You don't see cards like this very often, any more. Oh, sure, we all love a Play @ The Plate card. And with each passing year, it seems like we get a few more, and they get better and better. I mean, could Stadium Club even be printed these days, without several such cards? Not that there is anything wrong with that!
And this is a really good card, which proves to be from Taylor Davis' actual first MLB start behind the plate on Sept. 14, 2017. A First Start Rookie Card. That's Jose Reyes coming in to score on a Double by Brandom Nimmo as Asdrubal Cabrera, the on-deck batter, gives some sort of heads-up sign about what's going on with the defense, probably a throw coming in to the Catcher, imminently. Which, unfortunately for the ultimate charm of this Rookie Card, Davis proceeds to drop, as Reyes remains Safe and Nimmo advances to 3rd.
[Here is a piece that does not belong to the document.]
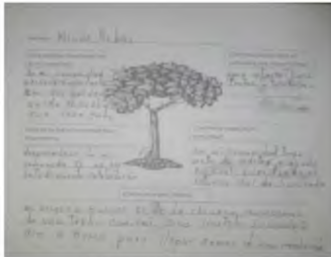
Ilustración 2. Árbol de la vida

Fuente: artesano Indígena. Puerto leguizamo Taller de proyecto de vida, noviembre de 2014

In the 4th inning, veteran Alex Avila trotted out to replace Davis, an easy call for Maddon to make in a September game with 3 Catchers on his roster and the divisional standings to consider. As I write, there is very little chatter on the MLB blogs about Davis' future; he had only 5 At Bats in 2018, all in September as this card was being printed, and the entire business of Baseball doesn't much care for MLB debuts at 28 years old. His road to The Show started with being signed while playing in the independent Cape Cod League - you don't see players like that very often, any more.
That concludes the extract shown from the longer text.